$800 to die

An interview with Gianfranco Rosi, winner of the Berlin Film Festival’s Golden Bear for ‘Fire at Sea.’

‘Fire at Sea’ documentary (photo credit: Courtesy)
‘Fire at Sea’ documentary
(photo credit: Courtesy)
If there is a single issue that has become central in the news in the last year, it is the millions of migrants fleeing from Islamic State in Syria and Iraq, as well as from other conflicts and poverty in Africa, and landing in Europe – or dying as they try to.
This issue was very much a part of the recently concluded Berlinale, the 66th Berlin International Film Festival, and the winner of the Golden Bear, the festival’s highest award, was Gianfranco Rosi’s Fire at Sea (Fuocoammare), a documentary about the residents of the tiny Sicilian island of Lampedusa, and the migrants who arrive there by boat.
The island is only 20 sq.km. and has a population of just 6,000, but for hundreds of thousands of migrants, it is their first stop in Europe.
The movie, which takes an intimate and engaging approach to a monumental subject, juxtaposes the life of one boy and his family from Lampedusa with the migrants who arrive on an almost daily basis. It also follows a doctor who works with the migrants, and the crews who meet the boats and cope with the influx. These crews nearly always discover that some migrants are dead, some dying and that many have serious injuries and health problems.
Fire at Sea “goes to the heart of what the Berlinale is about,” said three-time Oscar winner Meryl Streep, who headed the seven-member jury that chose the winners in the main competition. Fire at Sea also won the Prize of the Ecumenical Jury and the Amnesty International film prize.

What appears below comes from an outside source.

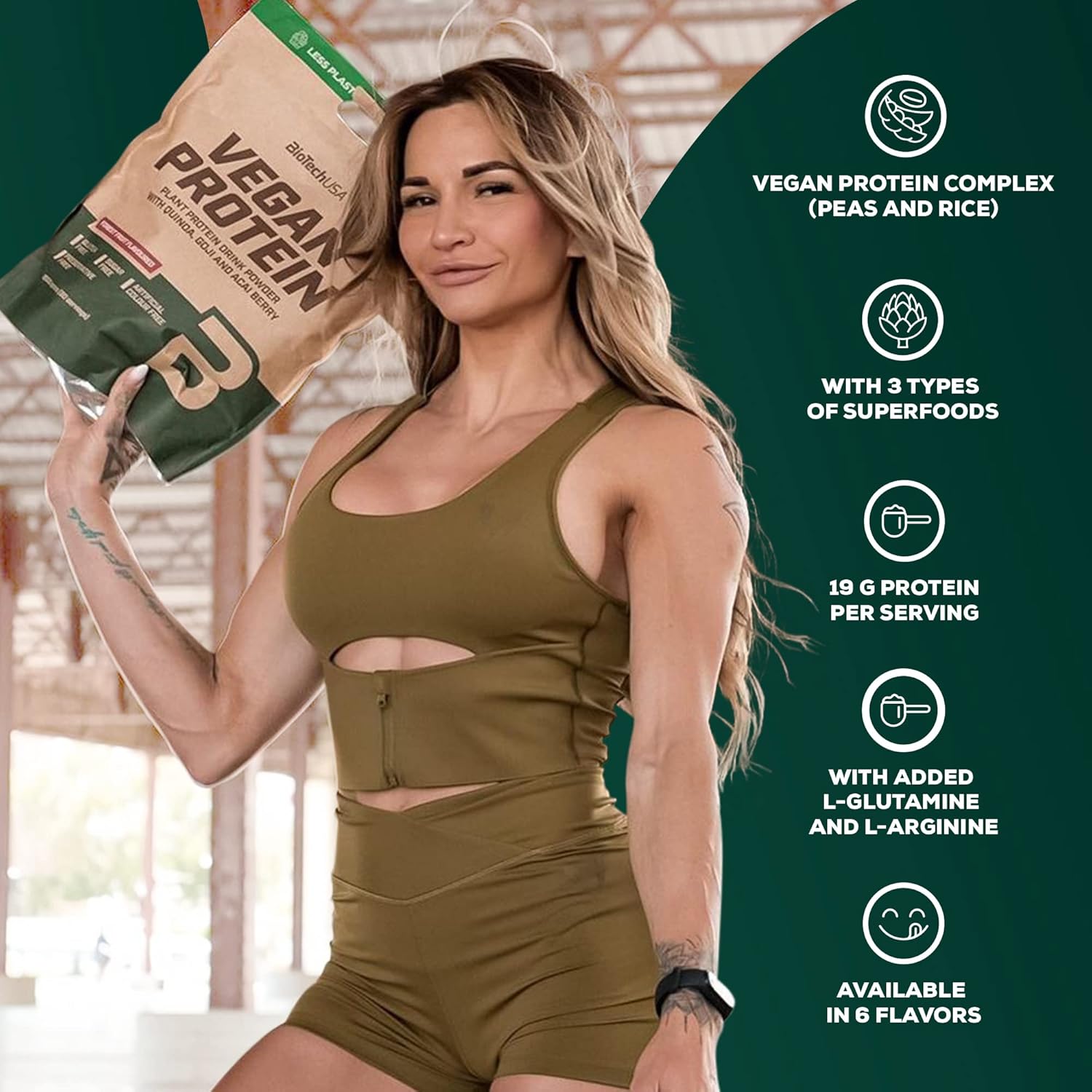 BioTechUSA Vegan Protein combines rice and pea protein isolates to create a complete amino acid profile comparable to whey β supporting effective muscle recovery and growth.

Accepting the award, Rosi said, “My deepest thought goes to those that never made it on their journey of hope.”
Dedicating his award to the people of Lampedusa, he praised the humanity they have shown to the refugees arriving there.

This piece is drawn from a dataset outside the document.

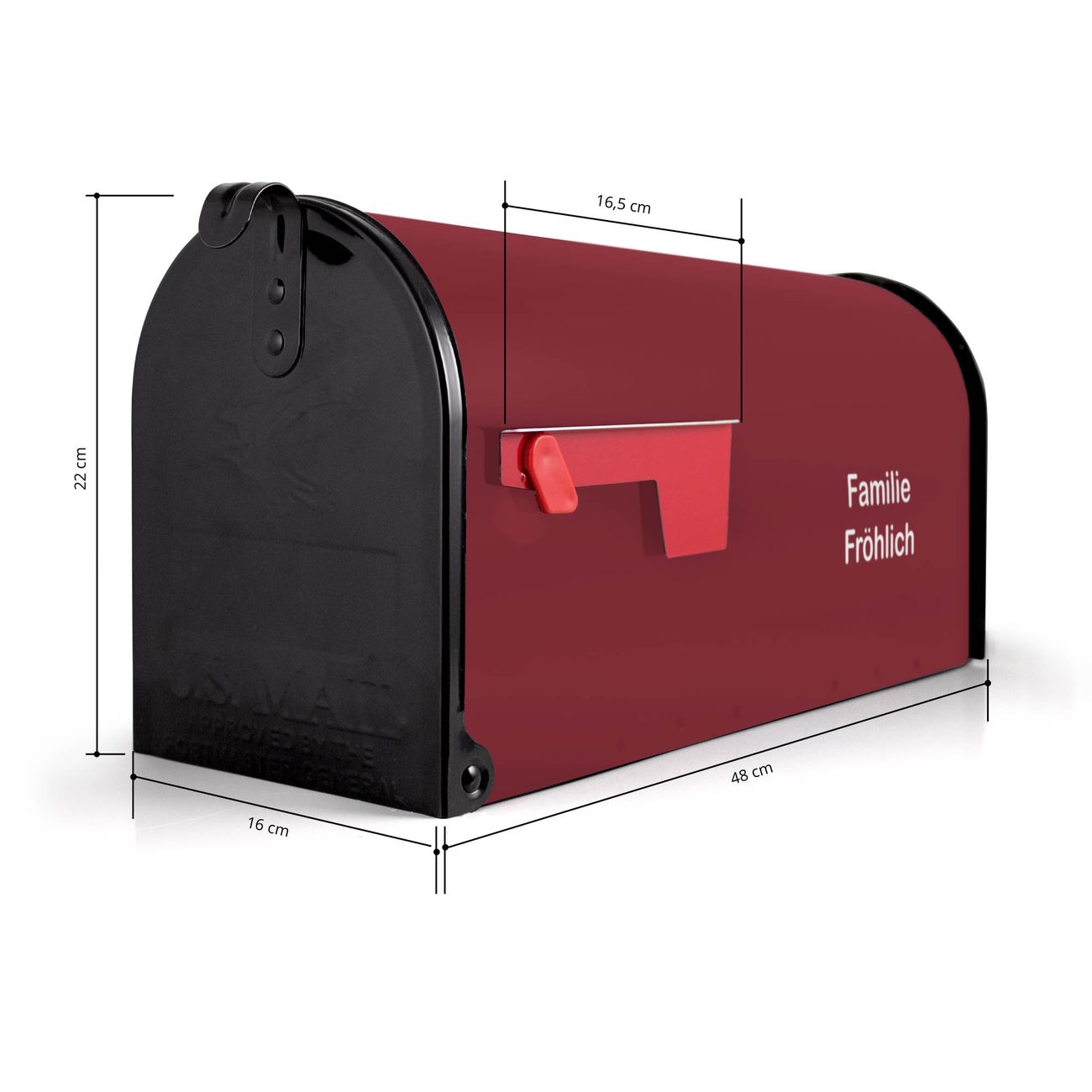 Der amerikanische Briefkasten von banjado mit Burgund Farbe bietet Ihnen ausreichend Fassungsvermögen, um große A4 Sendungen und Zeitschriften zu empfangen. Die typisch amerikanische rote Fahne zeigt Ihnen an, wenn Sie Post erhalten haben. Die US-Mailbox besteht aus verzinktem Stahlblech welches lackiert wurde und ist 48 x 22 x 16 CM (BxHxT) groß. Die Folie mit Farbe Burgund besteht aus einer wetter- und UV-resistenten Folie, die mit einem Schutzlaminat überzogen ist, sodass die US Mailbox zusätzlich vor Kratzern geschützt ist. An der Unterkante sind 4 Löcher je Seite um die Mailbox, typisch amerikanisch, an einem Holzpfahl oder einem Zaun zu befestigen. Auf Wunsch können Sie bei uns den passenden Standfuß oder die passende Wandhalterung kaufen um die US-Mailbox sicher zu befestigen. Wir bieten Ihnen ebenfalls Namensschilder, bereits beschriftet oder frei zu beschriften, und verschiedene selbst gestaltete Bitte-Keine-Werbung-Aufkleber.

Following the premiere of Fire at Sea, but before the announcement of the festival winners, Rosi was interviewed in a lounge at the Berlin Palast, the main theater of the festival.
“For the past 20 years, Italy has been on the front lines in immigration,” said Rosi, whose previous film, Sacra GRA, about the ring road that surrounds Rome, was the first documentary to win the Golden Lion at the Venice Film Festival.
“What is a paradox and what now kind of, a little bit, makes me laugh is that much of Europe is discovering immigration in the last three to four months. Everybody talks about migrants. Europe always said, ‘That’s your problem.’ And now for the first time, Europe seems to have discovered that there is a world that is moving, people escaping from something.”
But Rosi is more comfortable talking about his film than the politics behind it.
“My first encounter with Lampedusa was through the media. There was this huge disaster of people dying off the island” in 2013, when between 300 and 400 migrants drowned after their boat capsized.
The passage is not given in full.